PROBLEM TO SOLVE: Omit the images and return the remaining entries unchanged.

[[ MATERIAL FOR THE TASK, beginning ]]

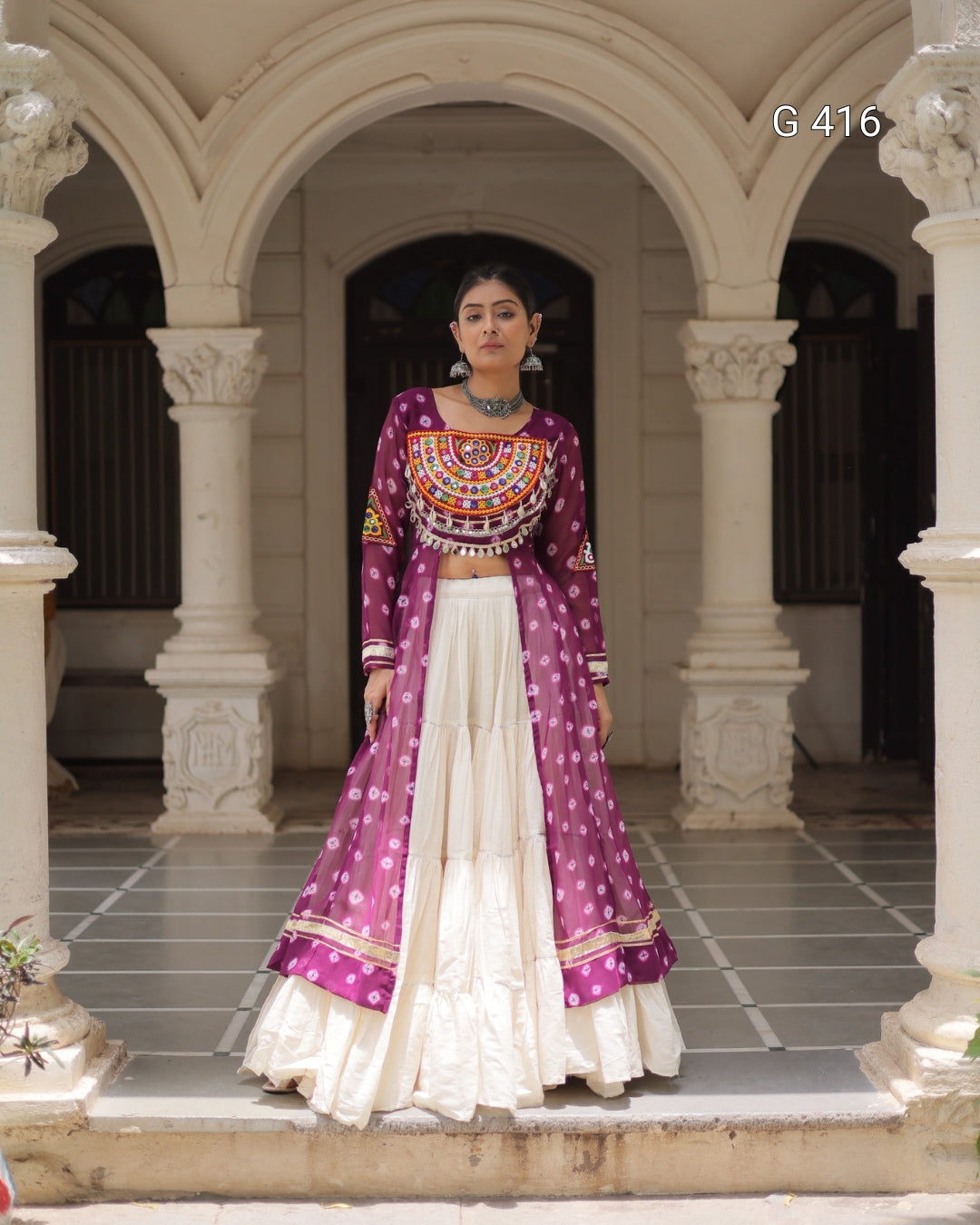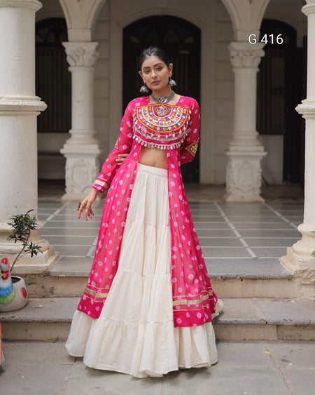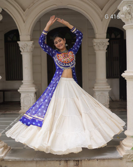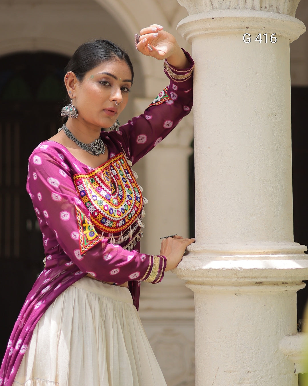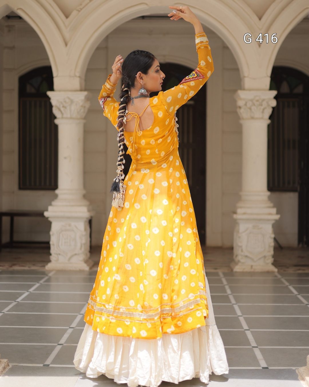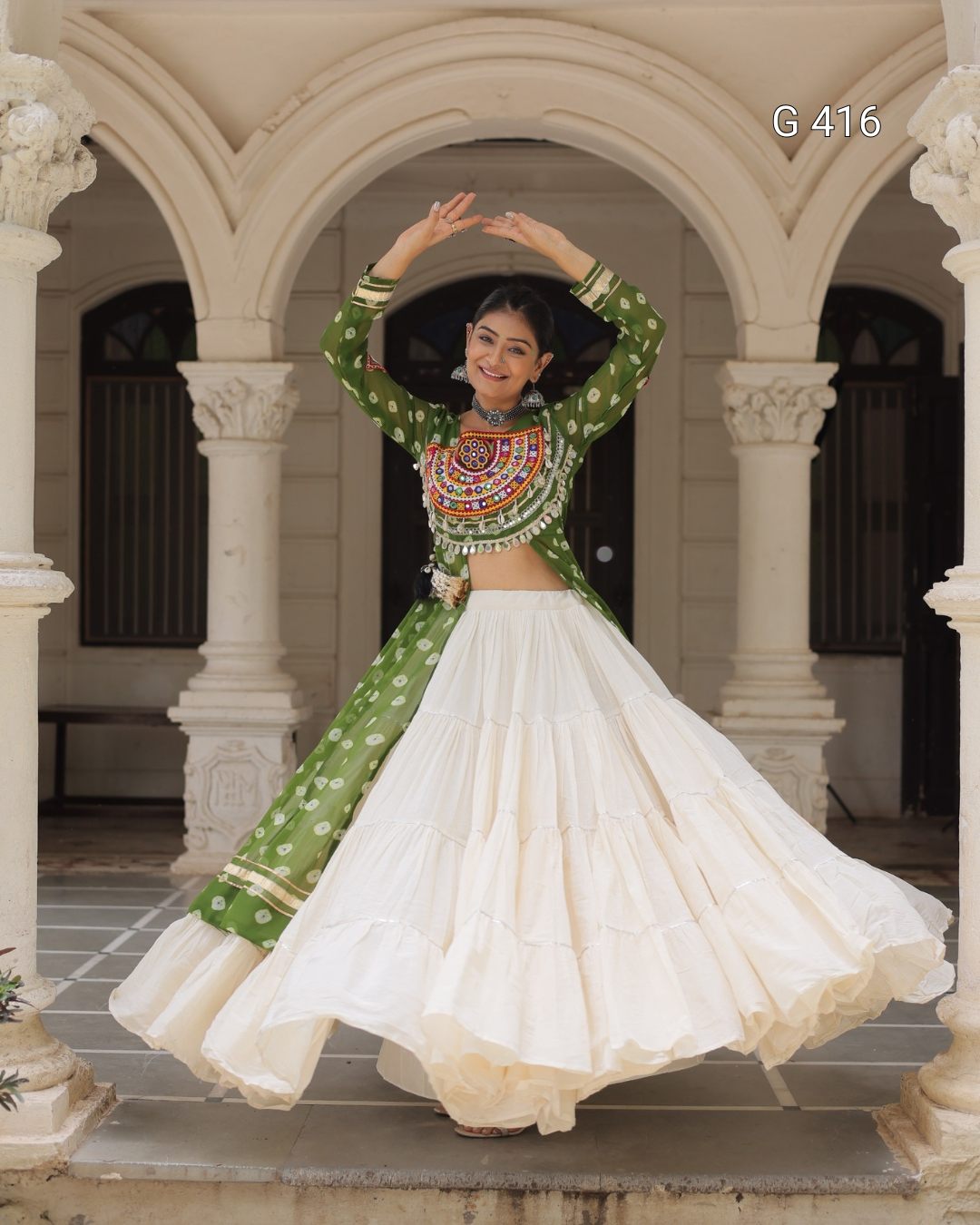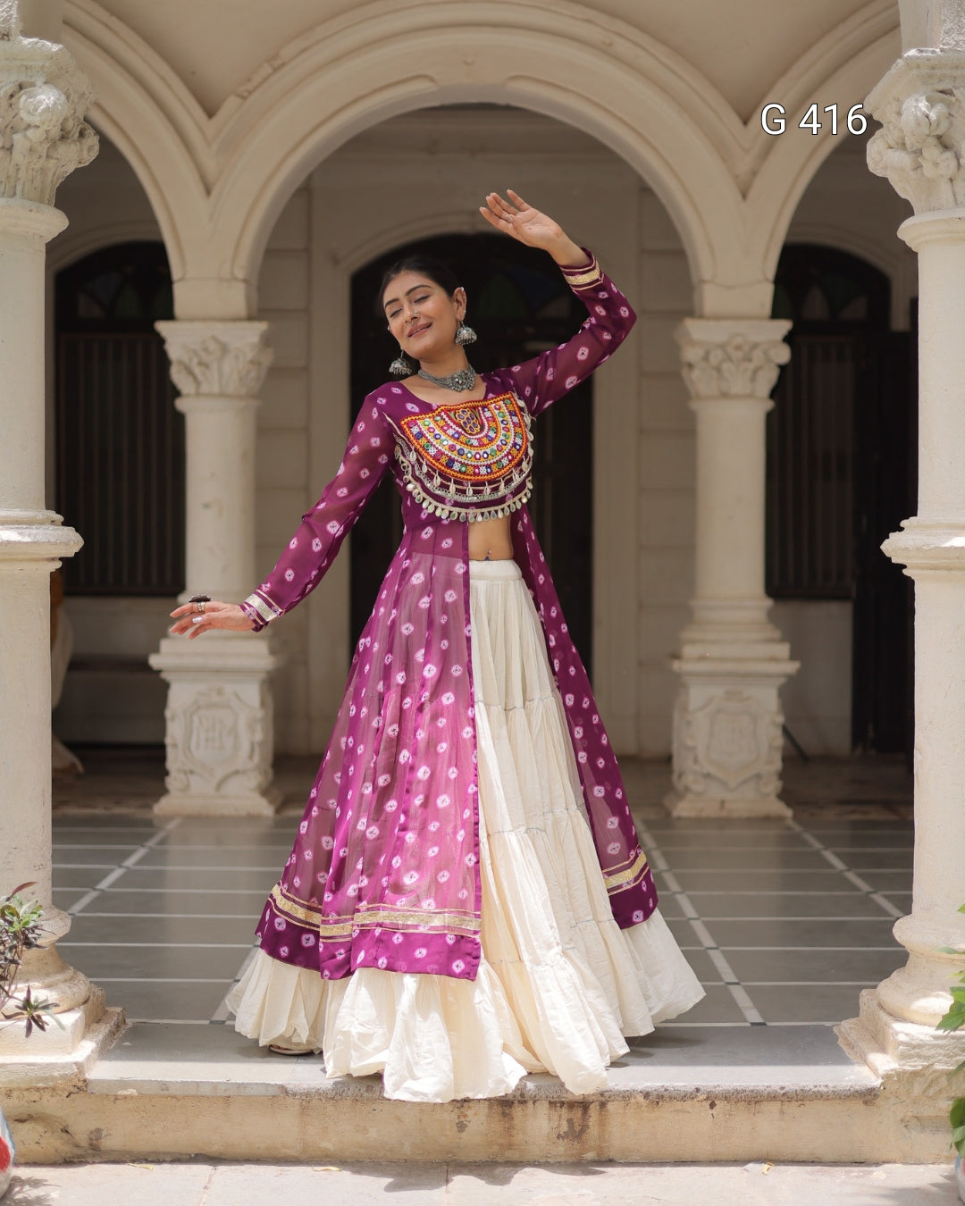 Kora Cotton Lehenga with Bandhani Kurti – G 416
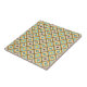 Abstract geometric pattern with diamond shapes in pastel colors. Each contains a star-like motif in teal, orange, or brown. Retro and symmetrical design.
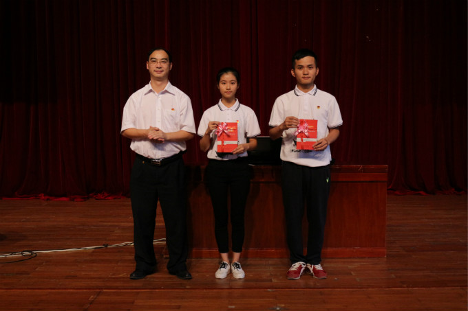 仪式在庄严的国歌声中拉开帷幕。学员代表王紫苑和刘嘉琳两位同学表示,“青马工程”培训班是锻炼意志、提高思想觉悟的课堂,我们一定主动学习,以饱满的热情投入到培训学习中,在生活中实践自己的诺言,成为一名优秀的共青团员。接着,赖小景副校长为学员代表赠送了由学校团委编印的新版“青马工程”培训班学员教材。
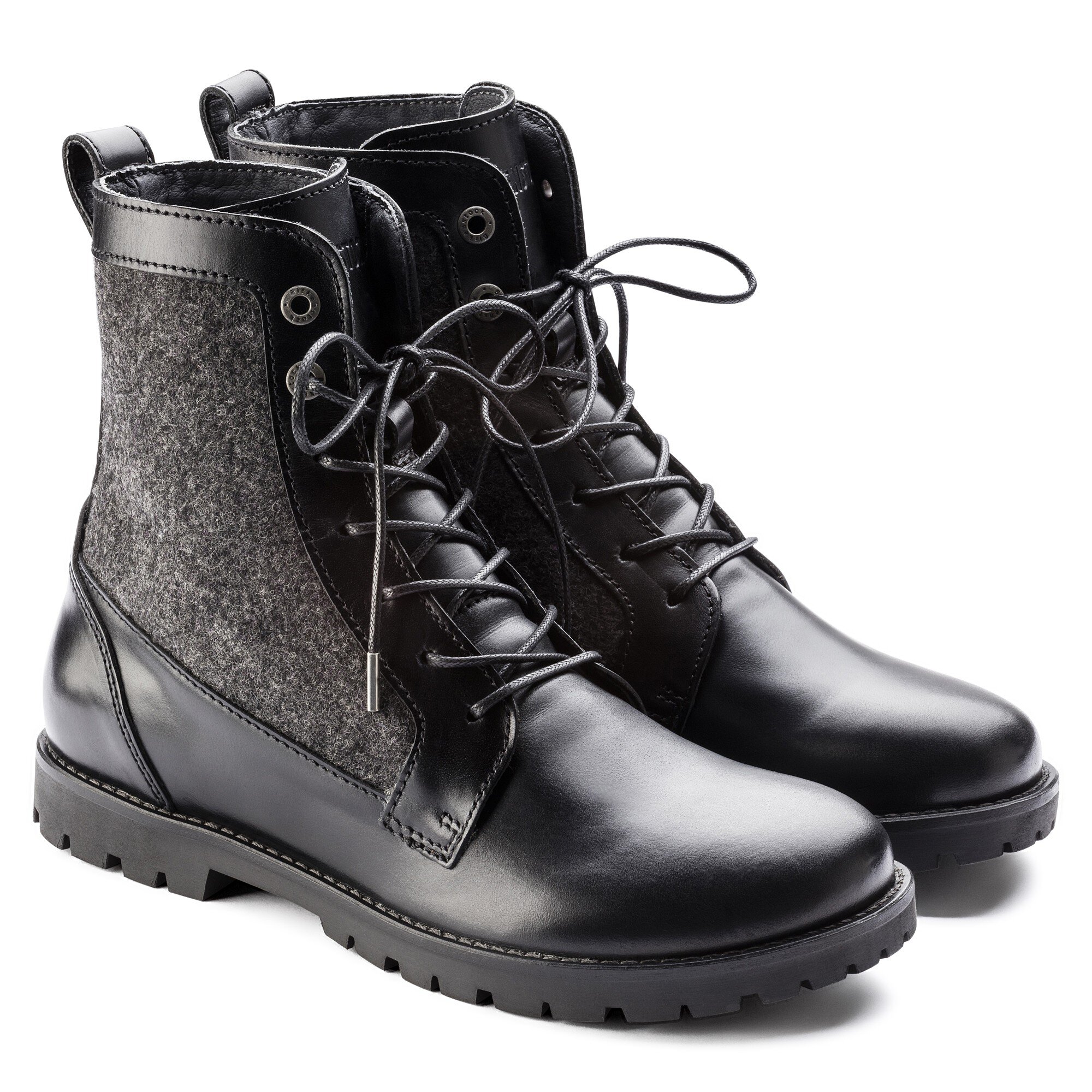 BIRKENSTOCKのレースアップブーツは流行のワーカースタイルで仕上がっています。このカジュアルなダービーカットのモデルの特徴はその素材の組み合わせです。プルアップ効果を効かせたオイルドレザーと、カラーコーディネートされサイドに施されたウールフェルトのコンビネーションがカントリー風の魅力をたっぷりとアピールしています。
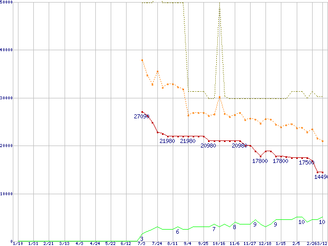 PC2 3200(DDR2 400) DDR2 SDRAM DIMM ECC対応 Registeredタイプの最安値推移
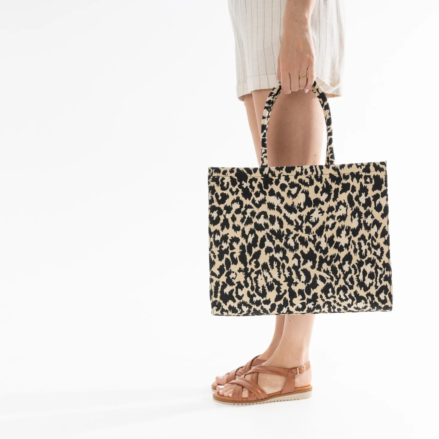 Confirmez votre envie d’évasion, avec un sac cabas digne de ce nom ! Animé d’un motif léopard noir, sur textile beige, il plaît pour son format idéal, pour transporter vos dossiers pro, ordi compris, comme vos affaires personnelles. Ses 2 anses se portent à la main, sur le bras ou sur l’épaule. Profitez-en pour sortir vos pièces en lin, dans les tonalités de blanc, beige, noir ou kaki.

[[ MATERIAL FOR THE TASK, end ]]

SOLUTION TO THE PROBLEM:
 Kora Cotton Lehenga with Bandhani Kurti – G 416
 Abstract geometric pattern with diamond shapes in pastel colors. Each contains a star-like motif in teal, orange, or brown. Retro and symmetrical design.
 仪式在庄严的国歌声中拉开帷幕。学员代表王紫苑和刘嘉琳两位同学表示,“青马工程”培训班是锻炼意志、提高思想觉悟的课堂,我们一定主动学习,以饱满的热情投入到培训学习中,在生活中实践自己的诺言,成为一名优秀的共青团员。接着,赖小景副校长为学员代表赠送了由学校团委编印的新版“青马工程”培训班学员教材。
 BIRKENSTOCKのレースアップブーツは流行のワーカースタイルで仕上がっています。このカジュアルなダービーカットのモデルの特徴はその素材の組み合わせです。プルアップ効果を効かせたオイルドレザーと、カラーコーディネートされサイドに施されたウールフェルトのコンビネーションがカントリー風の魅力をたっぷりとアピールしています。
 PC2 3200(DDR2 400) DDR2 SDRAM DIMM ECC対応 Registeredタイプの最安値推移
 Confirmez votre envie d’évasion, avec un sac cabas digne de ce nom ! Animé d’un motif léopard noir, sur textile beige, il plaît pour son format idéal, pour transporter vos dossiers pro, ordi compris, comme vos affaires personnelles. Ses 2 anses se portent à la main, sur le bras ou sur l’épaule. Profitez-en pour sortir vos pièces en lin, dans les tonalités de blanc, beige, noir ou kaki.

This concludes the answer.